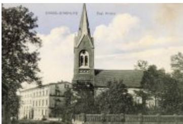
• Stare zdjęcia
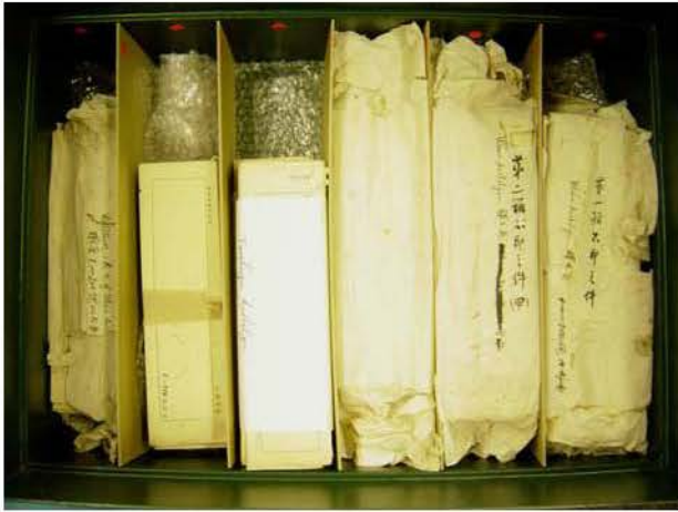
圖一. 《居延漢簡整理文件》
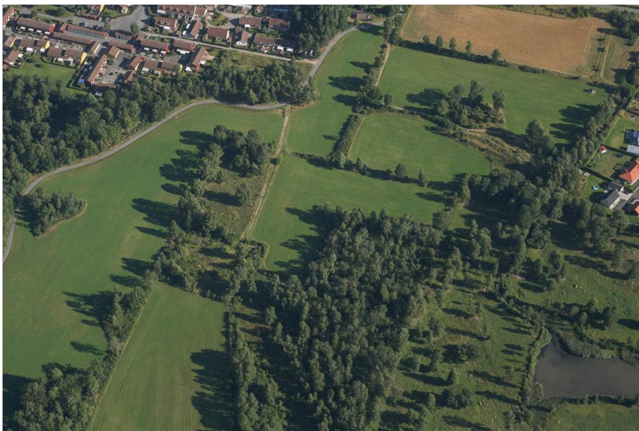
Figur 1 - Flygbild över Björklunda

Tekniska förvaltningen/ Mark-och exploateringsavdelningen
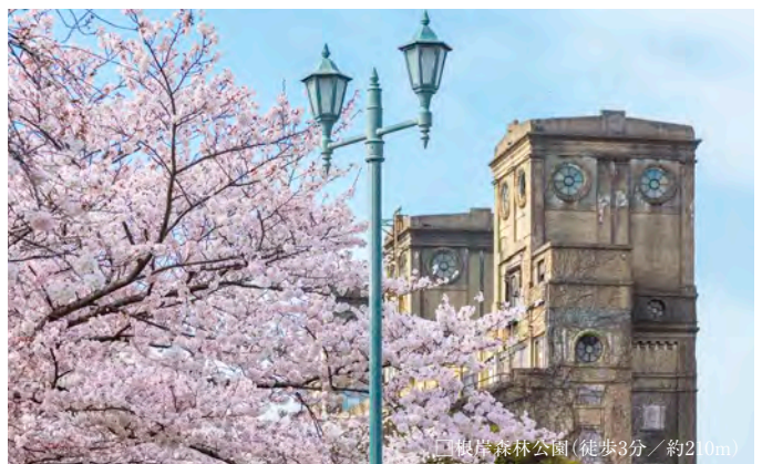
□根岸森林公園(徒歩3分/約210m)
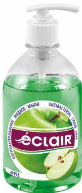
Éclair Жидкое мыло Яблока. Quti o'lchami / Размер коробки: 394x230x180 mm/мм 15 dona / шт. 500 ml / мл e

TASK ITEM —
The listing above must be restated word for word. Its pictures are to be left out.

EXPECTED ANSWER —
• Stare zdjęcia
圖一. 《居延漢簡整理文件》
Figur 1 - Flygbild över Björklunda

Tekniska förvaltningen/ Mark-och exploateringsavdelningen
□根岸森林公園(徒歩3分/約210m)
Éclair Жидкое мыло Яблока. Quti o'lchami / Размер коробки: 394x230x180 mm/мм 15 dona / шт. 500 ml / мл e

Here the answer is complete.